> WHAT NEEDS TO BE DONE: Leave out the pictures and copy each record below exactly.

──────── SOURCE MATERIAL ────────

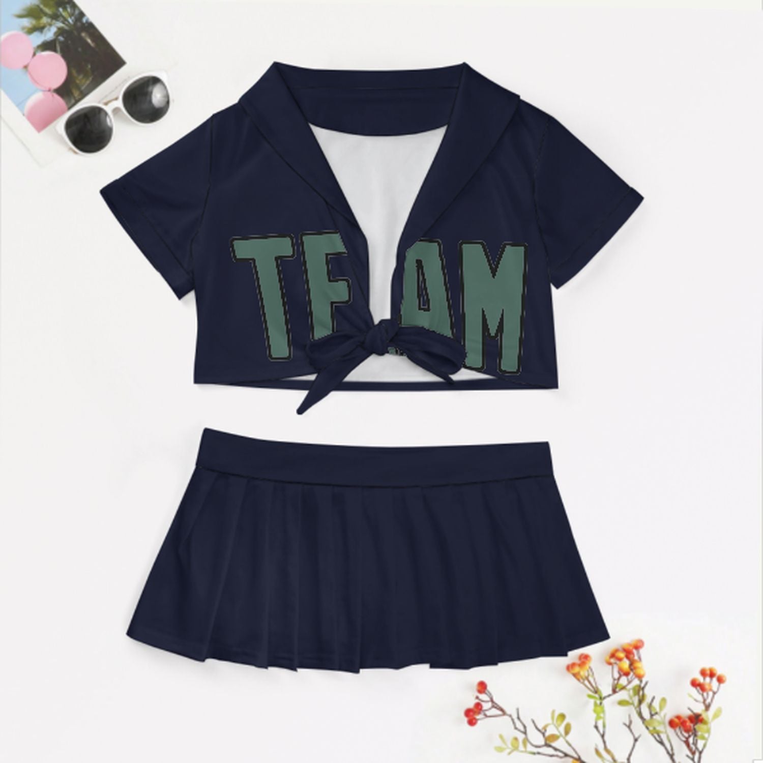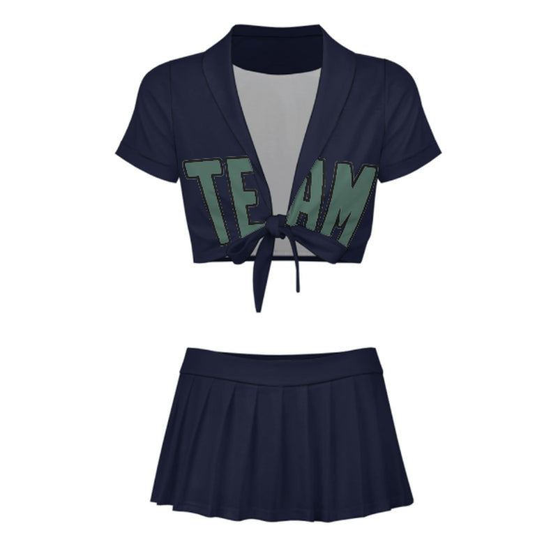 Maßgeschneidertes Stahlblau Blaugrün Cheerleader Outfit Set
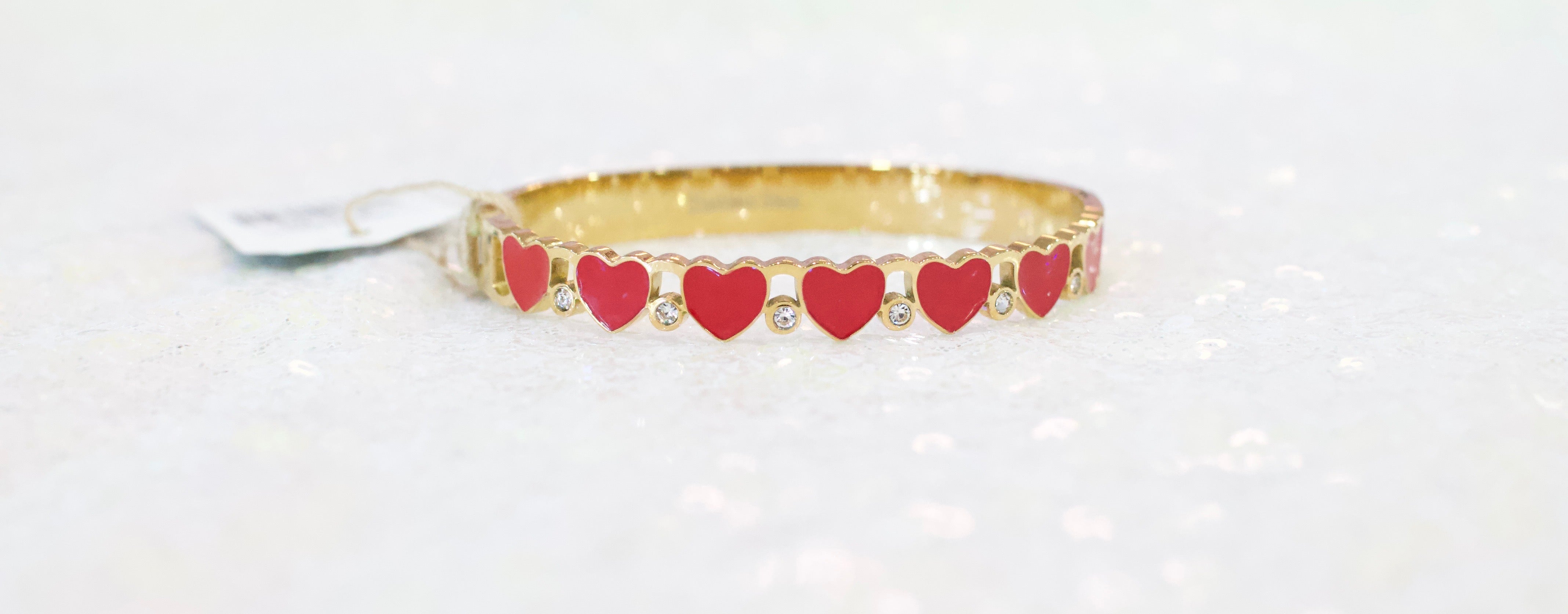 • Stylish hinged bangle bracelet designed with a repeating heart motif and subtle accent detailing for a romantic, modern look. Features an easy open-and-close hinge for a secure, comfortable fit. Ideal for everyday styling, gift assortments, and boutique jewelry collections focused on love-inspired designs.
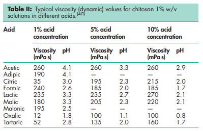 Chitosan is a cationic polyamine with a high charge density at pH < 6.5, and so adheres to negatively charged surfaces and chelates metal ions. It is a linear polyelectrolyte with reactive hydroxyl and amino groups (available for chemical reaction and salt formation).(7) The properties of chitosan relate to its polyelectrolyte and polymeric carbohydrate character. The presence of a number of amino groups allows chitosan to react chemically with anionic systems, which results in alteration of physicochemical characteristics of such combinations. The nitrogen in chitosan is mostly in the form of primary aliphatic amino groups. Chitosan therefore undergoes reactions typical of amines: for example, N-acylation and Schiff reactions.(3) Almost all functional properties of chitosan depend on the chain length, charge density, and charge distribution.(8) Numerous studies have demonstrated that the salt form, molecular weight, and degree of deacetylation as well as pH at which the chitosan is used all influence how this polymer is utilized in pharmaceutical applications.(7) Acidity/alkalinity pH = 4.0–6.0 (1% w/v aqueous solution) Density 1.35–1.40 g/cm3 Glass transition temperature 2038C(37) Moisture content Chitosan adsorbs moisture from the atmosphere, the amount of water adsorbed depending upon the initial moisture content and the temperature and relative humidity of the surrounding air.(38) Particle size distribution <30 mm Solubility Sparingly soluble in water; practically insoluble in ethanol (95%), other organic solvents, and neutral or alkali solutions at pH above approximately 6.5. Chitosan dissolves readily in dilute and concentrated solutions of most organic acids and to some extent in mineral inorganic acids (except phosphoric and sulfuric acids). Upon dissolution, amine groups of the polymer become protonated, resulting in a positively charged polysaccharide (RNH3 þ) and chitosan salts (chloride, glutamate, etc.) that are soluble in water; the solubility is affected by the degree of deacetylation.(7) Solubility is also greatly influenced by the addition of salt to the solution. The higher the ionic strength, the lower the solubility as a result of a salting-out effect, which leads to the precipitation of chitosan in solution.(39) When chitosan is in solution, the repulsions between the deacetylated units and their neighboring glucosamine units cause it to exist in an extended conformation. Addition of an electrolyte reduces this effect and the molecule possesses a more random, coil-like conformation.(40) Viscosity (dynamic) A wide range of viscosity types is commercially available. Owing to its high molecular weight and linear, unbranched structure, chitosan is an excellent viscosity-enhancing agent in an acidic environment. It acts as a pseudo-plastic material, exhibiting a decrease in viscosity with increasing rates of shear.(7) The viscosity of chitosan solutions increases with increasing chitosan concentration, decreasing temperature, and increasing degree of deacetylation;
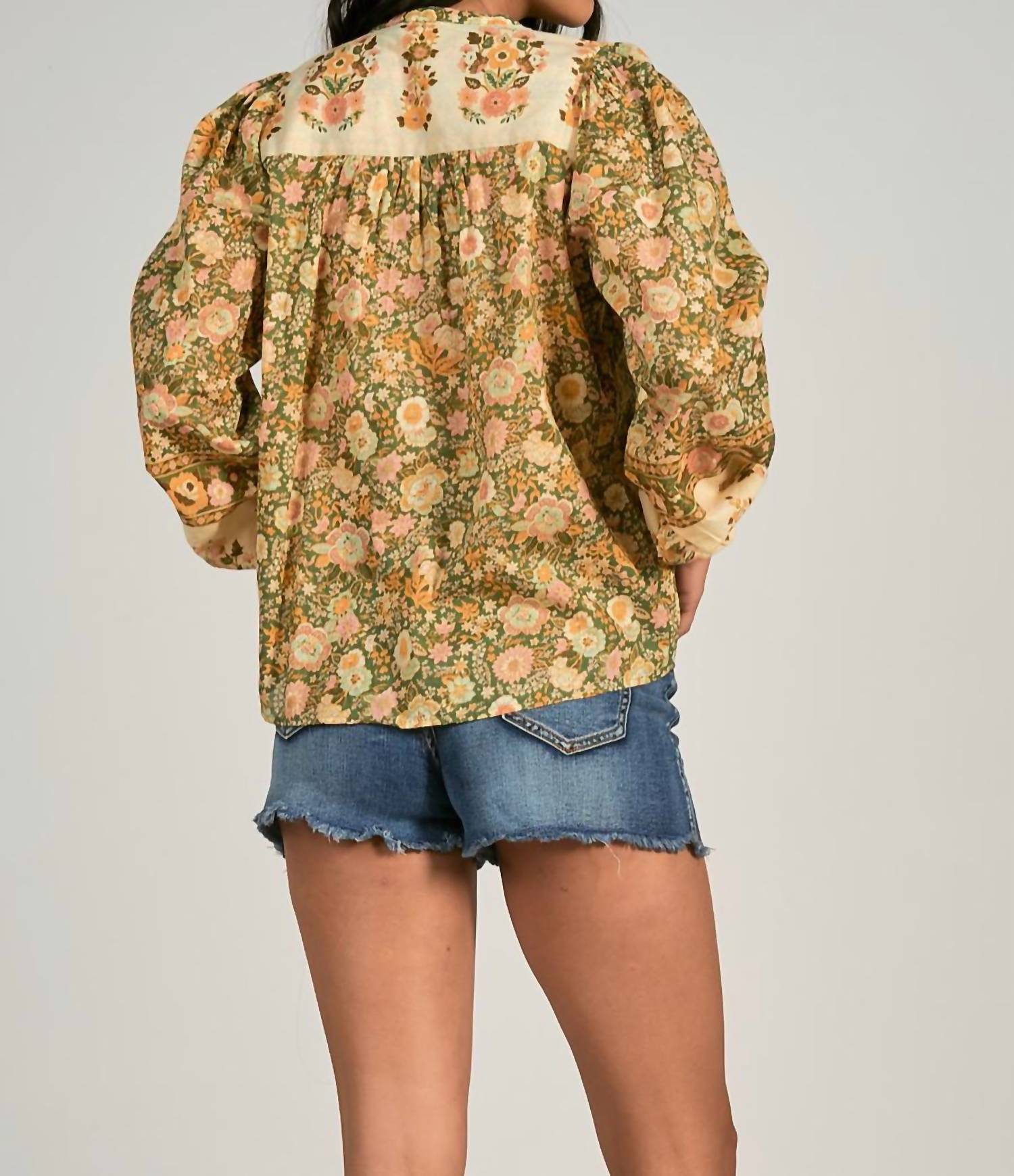 A timeless blouse that will never go out of style.100% cotton blouse. Floral print. Hand wash separately. Neck tie detailing.
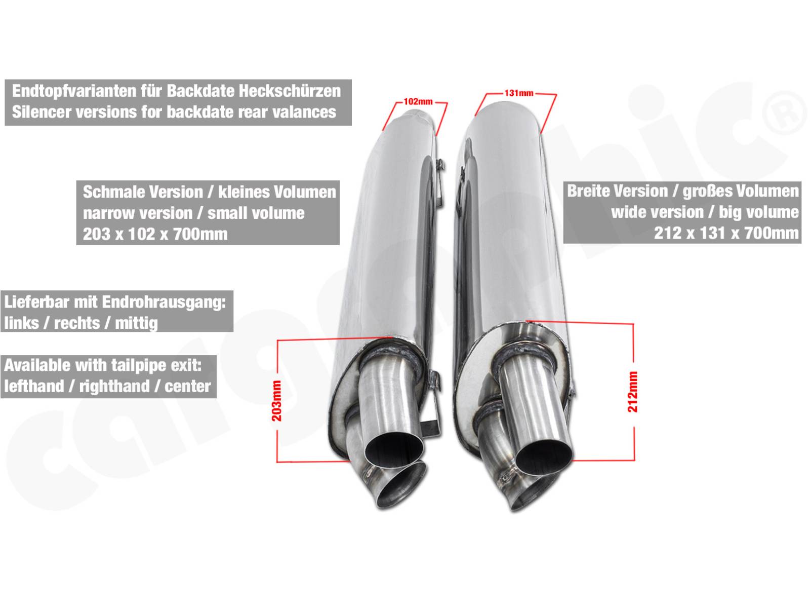 - 2x terminali di scarico sportivi CARGRAPHIC in Ø76mm saldati con uno spazio CTC di 740mm (RSR-Look)

────────

> EXPECTED ANSWER:
 Maßgeschneidertes Stahlblau Blaugrün Cheerleader Outfit Set
 • Stylish hinged bangle bracelet designed with a repeating heart motif and subtle accent detailing for a romantic, modern look. Features an easy open-and-close hinge for a secure, comfortable fit. Ideal for everyday styling, gift assortments, and boutique jewelry collections focused on love-inspired designs.
 Chitosan is a cationic polyamine with a high charge density at pH < 6.5, and so adheres to negatively charged surfaces and chelates metal ions. It is a linear polyelectrolyte with reactive hydroxyl and amino groups (available for chemical reaction and salt formation).(7) The properties of chitosan relate to its polyelectrolyte and polymeric carbohydrate character. The presence of a number of amino groups allows chitosan to react chemically with anionic systems, which results in alteration of physicochemical characteristics of such combinations. The nitrogen in chitosan is mostly in the form of primary aliphatic amino groups. Chitosan therefore undergoes reactions typical of amines: for example, N-acylation and Schiff reactions.(3) Almost all functional properties of chitosan depend on the chain length, charge density, and charge distribution.(8) Numerous studies have demonstrated that the salt form, molecular weight, and degree of deacetylation as well as pH at which the chitosan is used all influence how this polymer is utilized in pharmaceutical applications.(7) Acidity/alkalinity pH = 4.0–6.0 (1% w/v aqueous solution) Density 1.35–1.40 g/cm3 Glass transition temperature 2038C(37) Moisture content Chitosan adsorbs moisture from the atmosphere, the amount of water adsorbed depending upon the initial moisture content and the temperature and relative humidity of the surrounding air.(38) Particle size distribution <30 mm Solubility Sparingly soluble in water; practically insoluble in ethanol (95%), other organic solvents, and neutral or alkali solutions at pH above approximately 6.5. Chitosan dissolves readily in dilute and concentrated solutions of most organic acids and to some extent in mineral inorganic acids (except phosphoric and sulfuric acids). Upon dissolution, amine groups of the polymer become protonated, resulting in a positively charged polysaccharide (RNH3 þ) and chitosan salts (chloride, glutamate, etc.) that are soluble in water; the solubility is affected by the degree of deacetylation.(7) Solubility is also greatly influenced by the addition of salt to the solution. The higher the ionic strength, the lower the solubility as a result of a salting-out effect, which leads to the precipitation of chitosan in solution.(39) When chitosan is in solution, the repulsions between the deacetylated units and their neighboring glucosamine units cause it to exist in an extended conformation. Addition of an electrolyte reduces this effect and the molecule possesses a more random, coil-like conformation.(40) Viscosity (dynamic) A wide range of viscosity types is commercially available. Owing to its high molecular weight and linear, unbranched structure, chitosan is an excellent viscosity-enhancing agent in an acidic environment. It acts as a pseudo-plastic material, exhibiting a decrease in viscosity with increasing rates of shear.(7) The viscosity of chitosan solutions increases with increasing chitosan concentration, decreasing temperature, and increasing degree of deacetylation;
 A timeless blouse that will never go out of style.100% cotton blouse. Floral print. Hand wash separately. Neck tie detailing.
 - 2x terminali di scarico sportivi CARGRAPHIC in Ø76mm saldati con uno spazio CTC di 740mm (RSR-Look)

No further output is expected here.